In the 1840s, Irish immigrants were the first to come en masse to work in the brick factories. “Entire families worked in the brickyards,” says Rachel Whitlow, executive director of the Haverstraw Brick Museum. “Kids started as young as 8 years old ‘spatting’ the bricks — basically knocking off the excess clay so they would be ready for the kiln. By the time they were 18, they had learned every bit of the brick industry. Women worked here too, but were paid less.”
The Malley Brickyard, started by Irish brothers Will and Tom, was one of the first and most successful in the region. After several years they added another brickyard up river in Fishkill. “It was one of the first integrated brickyards. In general, the Irish-owned brickyards tended to be the most diverse and welcoming of other ethnicities. The brickyards owned by the Italians and the Polish tended to employ their own,” Whitlow says. “But while everyone worked well together, when they left the brickyards it was a different story. Everyone was very segregated. The Irish on one block, the Italians on another. They even had their own fire departments.”
The Rockland County Ancient Order of Hibernians organized in Haverstraw in 1882. There were no parades at that time, but newspaper clips mention Hibernian picnics, where tens of thousands gathered in a local park to enjoy Irish dancing and singing competitions. (Today, the annual Rockland County Feis continues this tradition.)
Irish immigrants also flocked to the business of building canals. The Erie Canal, an unprecedented engineering marvel, stretched 360 miles from the Hudson River to the Great Lakes when it opened in 1825. It was built over the previous eight years by raw hands — including those of many Irish laborers.

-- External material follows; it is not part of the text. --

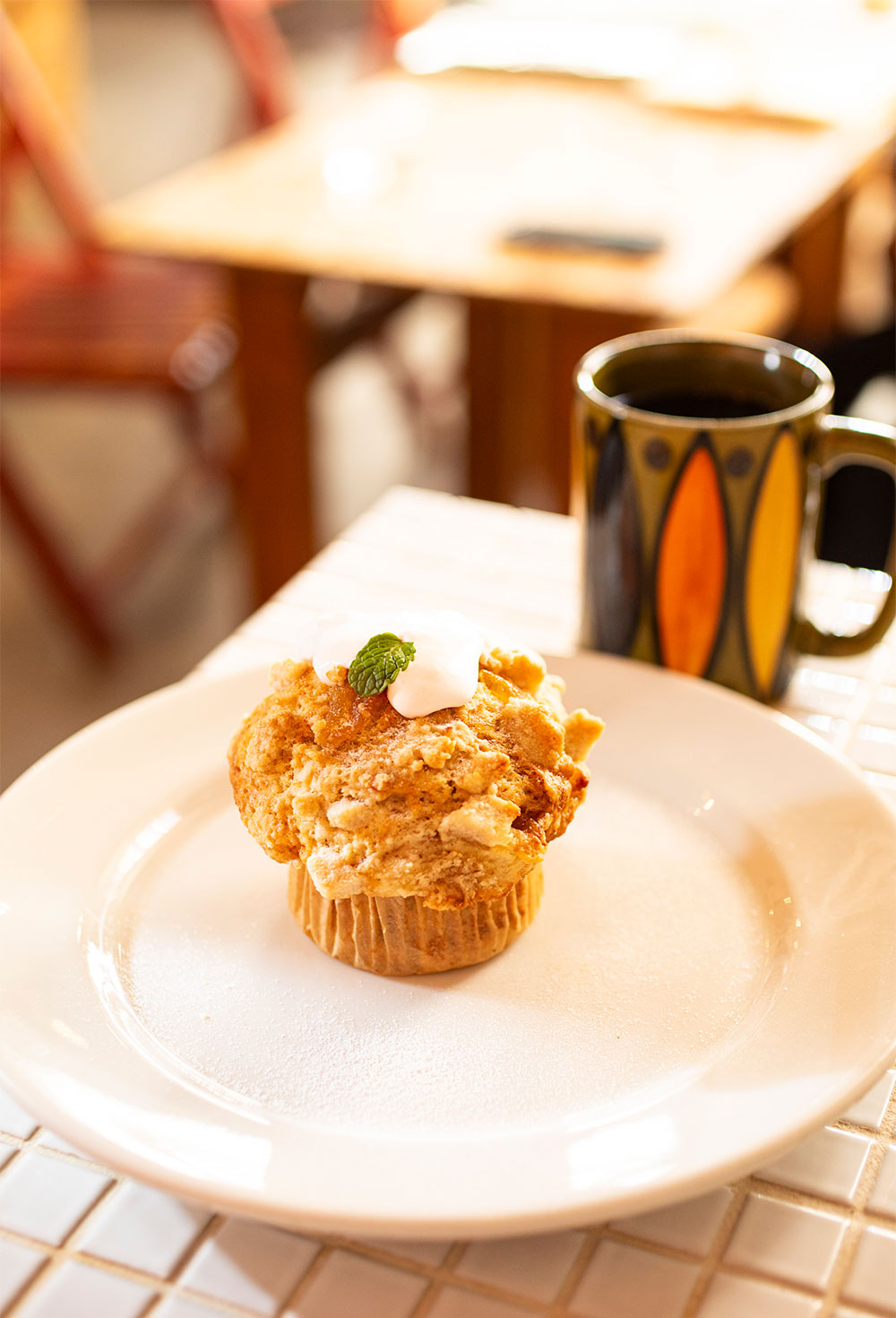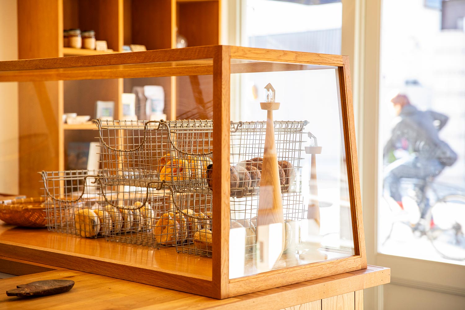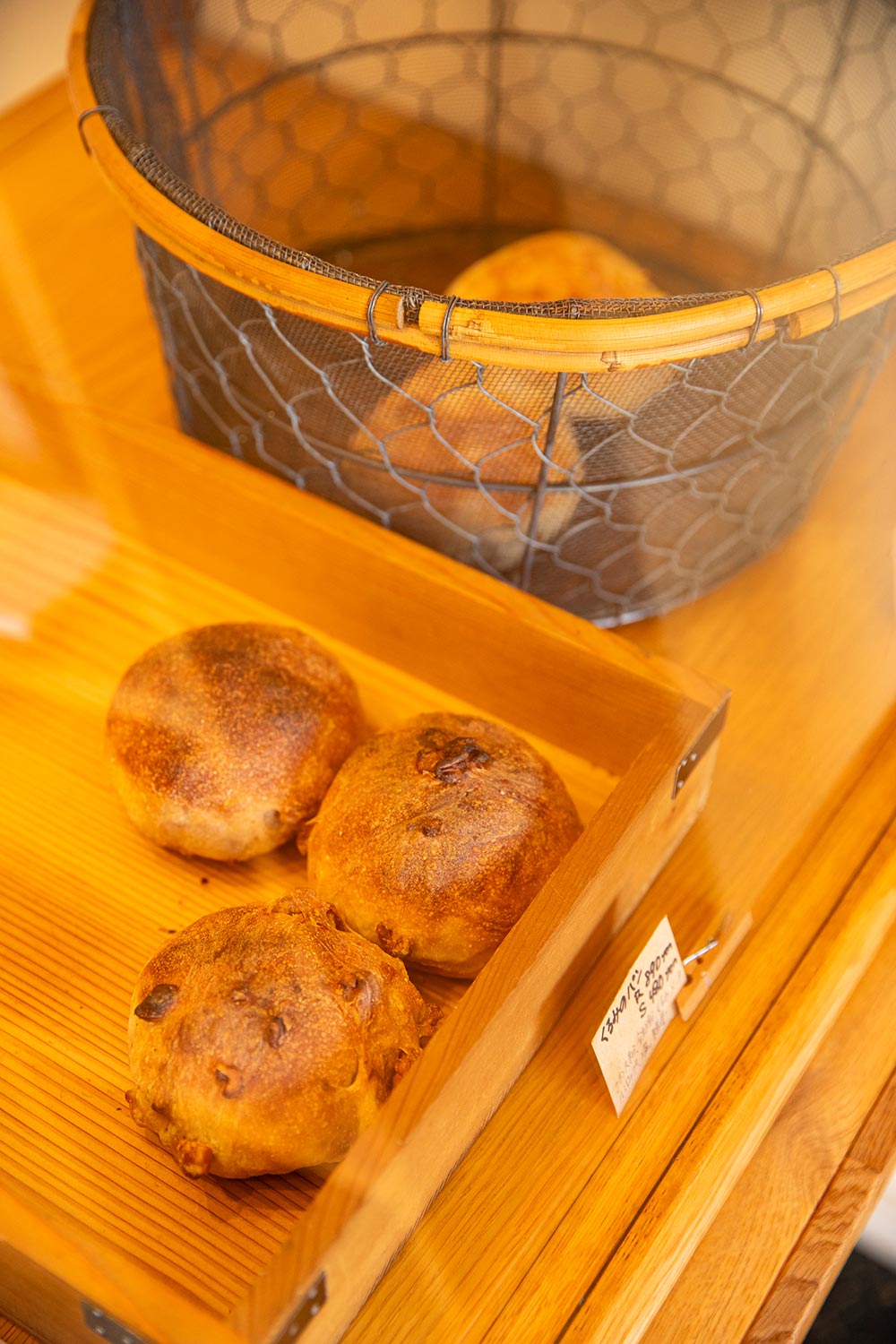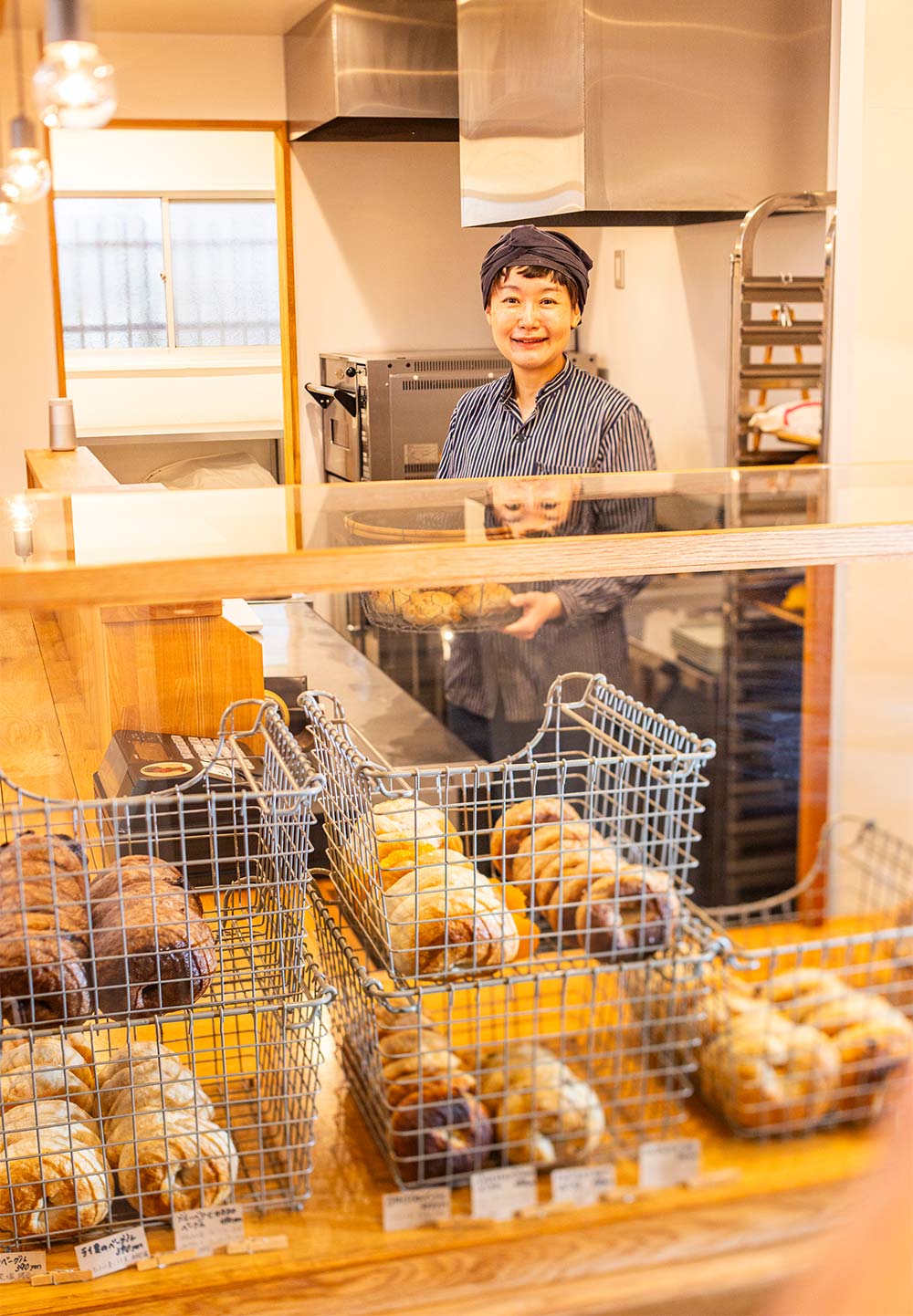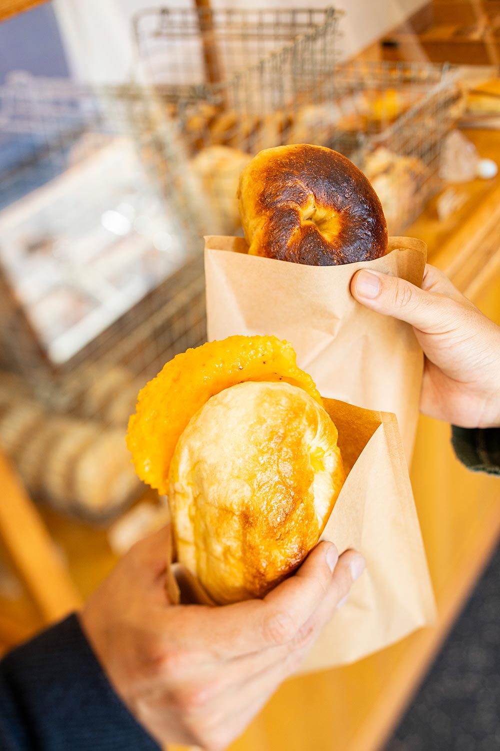 街道沿いでふと出合う、吊るされたベーグルの模型が目印だ。扉を開いて店内へ入れば、小麦の香りがふわり。「古代小麦のスペルト小麦を使ってるんです」とは、店主の羽鳥杏子(きょうこ)さん。ショーケースにはプレーン、チェダーとペッパー、チョコとクルミなど、多彩なベーグルがズラリ。今日は自家製味噌のやつをいただこう。頬張った瞬間、もっちり食感に思わずにっこり。口中広がる小麦と味噌の香ばしさで、心が和む。

The 108-mile Delaware & Hudson (D&H) Canal broke ground in 1825 and opened just three years later. Its impact on the Hudson Valley was monumental, making Kingston the busiest port between New York City and Albany. Once again, few locals would work for the low wages that the newly arrived Irish would. In the book Canal Days in America, Harry Drago wrote: “As usual, the labor contractors brought in hordes of immigrant Irish and several hundred Germans as well. The Irish fought the Germans … The German laborers and the ‘wild Irish’ could not be housed together.”
Like the brick factories, the D&H Canal provided hardworking Irish immigrants the opportunity to slowly move up in the world. Take the story of John Murray. Born in Ireland around 1824, he came to New York at 14 or 15, and immediately began working for a boat captain hauling coal for the D&H Canal Company. He was illiterate and first worked as a driver or “hoggee,” walking the towpath to guide the mule, for five dollars a month. The next season he worked as a bowman, assisting onboard for eight dollars monthly. From 1853-1856, he was captain on a “full river boat” for the Pennsylvania Coal Company, running coal up the canal from Waymart, Penn., to Rondout, N.Y., and then down the Hudson to NYC. Murray’s progress through the ranks was typical; boys started working on the canal as young as seven years old, some making captain by 14.

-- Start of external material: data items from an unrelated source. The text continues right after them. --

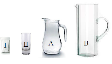 No dia 16 de outubro, haverá uma distribuição de suco durante a prova de seleção do CMRJ. O militar responsável pela distribuição possui 10 jarras do tipo B e sabe que cada jarra B corresponde a 7/3 da jarra A. Sabe-se ainda que são necessários 12 copos do tipo II, para encher a jarra A e 15 copos do tipo I, para encher a mesma jarra. Utilizando as 10 jarras do tipo B será possível servir: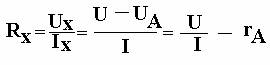 Pentru montajul aval (fig. 2 a) masurarea rezistentei Rx se face cu relatia: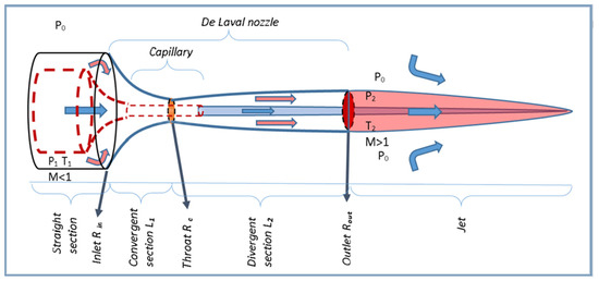 De Laval nozzles consist of four parts, namely the straight part, the convergent part, the throat, and the spread part (Figure 1). The flow of compressed gas (Table 1) has a high degree of turbulence, which is not conducive to gas shrinkage in the convergent section of the nozzle. Therefore, a straight section is established in front of the convergent part of the nozzle to ensure an even distribution of the flow inlet velocity.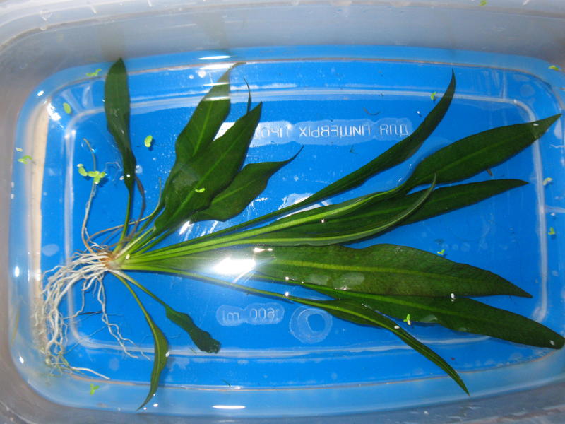 Классический природный эхинодорус,довольно компактный(35-40см) подойдёт для среднего плана . При ярком свете на листе коричневая сетка.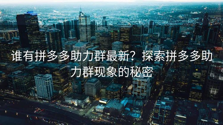 谁有拼多多助力群最新?探索拼多多助力群现象的秘密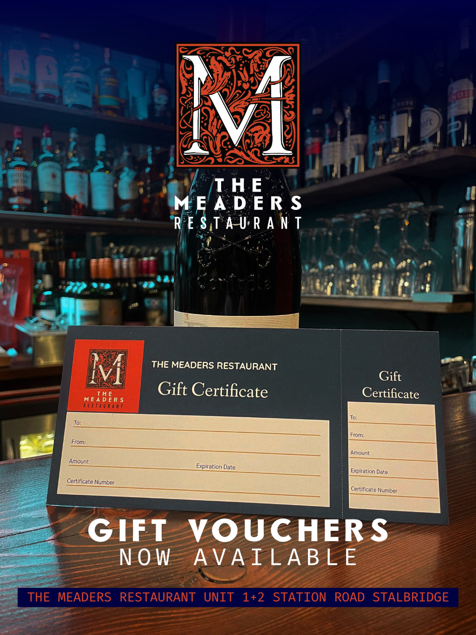 Gift vouchers are now available at The Meaders Restaurant. Treat your loved ones, colleagues and friends to a night out at our lovely new restaurant.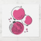 Etiqueta gráfica minimalista de estilo contemporáneo con acentos de color rosa.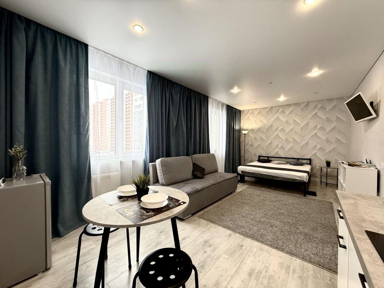 Комплект хлопкового постельного белья и полотенца. Базовый комплект постельных принадлежностей предоставляется бесплатно (в 1-комнатной квартире — на одну двуспальную кровать). Если вам понадобятся дополнительные комплекты, сообщите заранее, пожалуйста (1 комплект — 300 ₽).;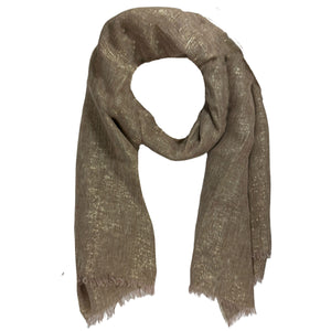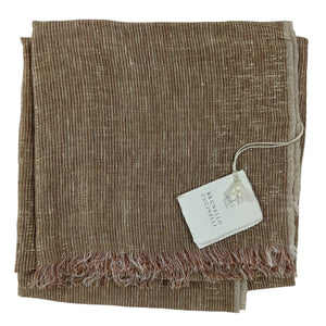 Luxury - Genuine Brunello Cucinelli scarf, extra long/ large, brown/ silver, slightly taupe, soft linen blend with little 'glitter' silver (metal) detail, luxury linen blend, short fringe, made in Italy. Authentic Brunello Cucinelli scarves and accessories at outlet prices.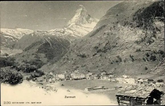 Ak Zermatt Kanton Wallis Schweiz, Ansicht des Matterhorns, Zermatt im Tal, Berglandschaft

In the early 1900s, Irish immigration in the U.S. slowed considerably, due to the fact that Ireland’s economic situation had recovered somewhat, but also because the Emergency Immigration Acts of 1921 and 1924 reduced the numbers of all immigrants coming into the country. Still, Irish immigrants in these years often became construction laborers, helping to build New York City, Boston, and Chicago in particular. As U2 sings in the band’s popular song: “These are the hands that built America.”